Johannesburg - African Bank Investments [JSE:ABL], the unsecured lender that collapsed last year amid record losses, said the business created out of the bank’s viable assets will make a profit in 2017.

The newly created banking group will start operating in February and is expected to post a loss for the fiscal-full year ending September next year of R336m, Tom Winterboer, the lender’s administrator, said in a presentation to reporters in Johannesburg on Wednesday.

That will be followed by a profit of R542m in 2017. “This is the base case. We’re quite excited by the numbers,” he said.

African Bank failed in August 2014 as bad debts rose and funding dried up. The South African Reserve Bank (SARB) stepped in with a rescue plan that has put senior bondholders in line to recoup 90% of their investment and left subordinated debt holders facing a 62.5% loss.

Shareholders in the bank, which included government pension fund administrator the Public Investment Corp, Coronation Fund Managers and Allan Gray, also a fund manager, may still lose everything.

African Bank, which was the country’s biggest provider of unsecured credit, also released a 129-page information memorandum on Wednesday detailing the offer to creditors.

If its plan is approved, which African Bank said is likely following discussions with large investors, and signed off on by the Minister of Finance, its operational assets will be transferred into a so-called good bank that will start on February 1.

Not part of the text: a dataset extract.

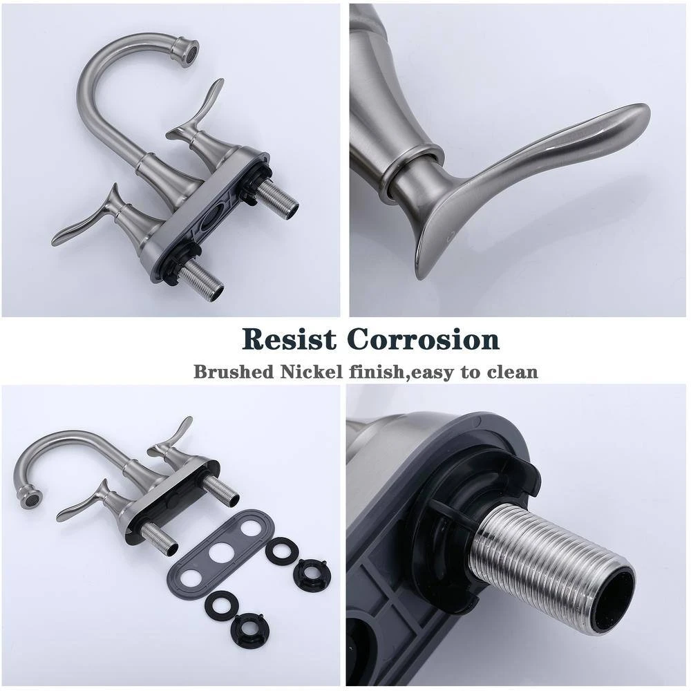 2-Handle 4 in. Brushed Nickel Bathroom Faucet remains durable and beautiful over time thanks to its solid brass construction. We have been committed to providing customers with satisfactory services, with the purpose of customer first. Exceed industry longevity standards, ensuring durable performance. Bathroom vanity sink faucets with pop-up drain and supply hoses suitable for rent house, new condo, single-apartment, motor home, travel trailer and family use.

An initial public offering can probably only be planned after the new entity has a track record of about three years, according to Winterboer.

“On listing, if there’s an over-subscription, previous shareholders will get preferential treatment,” which won’t include preferential pricing, Winterboer said. “It’s unfortunate.”

SARB invests

Until the IPO, the central bank will be a 50% shareholder in African Bank and the PIC, as the government pension administrator is known, will hold 25%, with the rest of the shares taken up by South African banks, Winterboer said.

“We wouldn’t expect SARB’s support to cost taxpayers money because the central bank’s lending is being done on a commercial basis. The intention would be with a listing for SARB to sell or it could sell to another party,” he said.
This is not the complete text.